OPERATIONAL TIPS FOR NEWBIES

   / OPERATIONAL TIPS FOR NEWBIES #61  
Tractor Rollovers

85% are SIDE rollovers

15% are REAR rollovers

Less than 1% are FRONT rollovers


Less than 1% FRONT rollovers is probabally 99.9999% of people pull with the rear so that number is a bit skewed. And of the 15% rear 14.9999999% probabally weren't pulling from the drawbar.

Bottom line best adcive for the new guys, call your tractor manufacture and explain to them in detail what you will be pulling (ie a tree top, stuck truck, etc) and ask them if you should pull from the drawbar or loop a chain around the front axle:rolleyes:
 
   / OPERATIONAL TIPS FOR NEWBIES #62  
I like to lay a blanket or piece of old carpet over a chain being used to pull.. that or a section of old fire hose...

soundguy

46. with all this chatter about towing and where to tow/pull from I thought I should mention what I use to tow/pull/drag with. I use grade 40 to grade 70 3/8" chain, mw small machine only makes 30 hp so that is pleanty big for what I do. I would also like to mention that you should always be prepared for your chain or strap to break and have the correct safety measures in place to prevent sudden brain exposure.

GUYS DONT MAKE THIS INTO A STRAPS -VS- CHAINS DEAL!!!!

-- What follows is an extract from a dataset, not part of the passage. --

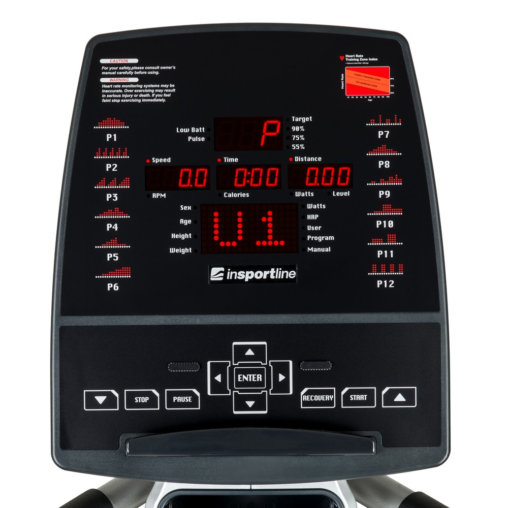 Горизонтальний велотренажер inSPORTline Gemini R200 - це професійний пристрій, який ідеально підходить для кожного тренажерного залу. Міцна, стійка конструкція гарантує високу вантажопідйомність - до 140 кг. Велотренажер оснащений комп'ютером з великим та чітким РК-дисплеєм, який відображає час, швидкість, відстань, витрачені калорії, пульс, продуктивність та кількість обертів за хвилину. У пам'яті комп'ютера записано 12 попередньо встановлених програм, 4 програми користувача, 4 програми HRC, які працюють на основі серцебиття користувача, зареєстрованого через вбудовані в ручку датчики (50-140 BPM - ударів за хвилину), 3 програми з налаштуванням бажаної мети, програма WATT ( потужність в вт) та ручна програма. Пристрій має вхід USB та 2 аудіо входи, які дозволяють підключати навушники або динаміки.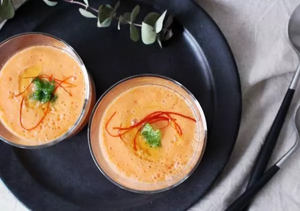 見た目も美しく、体にも優しい野菜の冷製スープ。

someone break out their owners manual and read it, mine clearly says pull from the draw bar good enough for me and my little b3030
 
   / OPERATIONAL TIPS FOR NEWBIES #63  
47. use axle breaks if you get stuck.

This pertains mainly to older 2wd tractors that dont have a diff lock, such as the ever popular n-series of fords. If you get stuck, only one wheel spins due to the open differential, gently start using the break on the wheel that is spinning and it will force the one with the traction to spin and might get you unstuck.
 
   / OPERATIONAL TIPS FOR NEWBIES #64  
It will force both of them to spin.. and might get you out.

soundguy
 
   / OPERATIONAL TIPS FOR NEWBIES #65  
I can't seem to be able to get the back blade to make a smooth finish without digging in too deep or not enough

Have you tried adjusting the top link ? tip forward to dig in (pulling) tip back to smooth...the opposite for pushing backwards...
 
   / OPERATIONAL TIPS FOR NEWBIES
  • Thread Starter
#66  
I understand all the safety tips offerred here and all over TBN, but my problem is I can't seem to be able to get the back blade to make a smooth finish without digging in too deep or not enough. same holds true with using the FEL. Am I missing something or is just practice, practice, practice. Somewaht frustrated dude here. BTW this is an awesome site. just wish I could learn something :D:D:D

I do not have much experience with a back blade but some suggest using gage wheels added to the blade or if your 3pt has float use it, using shallow cuts and slow ground speed should help achieve what you need.
I use the FEL to do this kind of work and have found that a foreward and back motion will give me very good grading results. the lip of the loader in a reverse motion will give a fine smooth grade, the back more of a rough finish, tilt the bucket up and go foreward for the first pass, this helps break up the large chunks.
Just about every loader is built with slightly different angles and what works for me may not work for anyone else but with my machine and the materials i work with this is very effective. Working with gravel or clean soil will help you learn what works for you the quickest. This is hardly a one pass thing, multiple passes, laying your work out as you go, knocking down the hills, and fillin the valleys.
good luck to you.

again this is IMO, what works for me may not work for others and there may be a better way
 
   / OPERATIONAL TIPS FOR NEWBIES #67  
Here's one that took me awhile to learn: If you have both mid- and rear PTO's, you can free up the rear one so that it can be easily turned with your fingers by shifting the control lever to the front PTO setting. This makes hooking up rear PTO-driven equipment a MILLION times easier.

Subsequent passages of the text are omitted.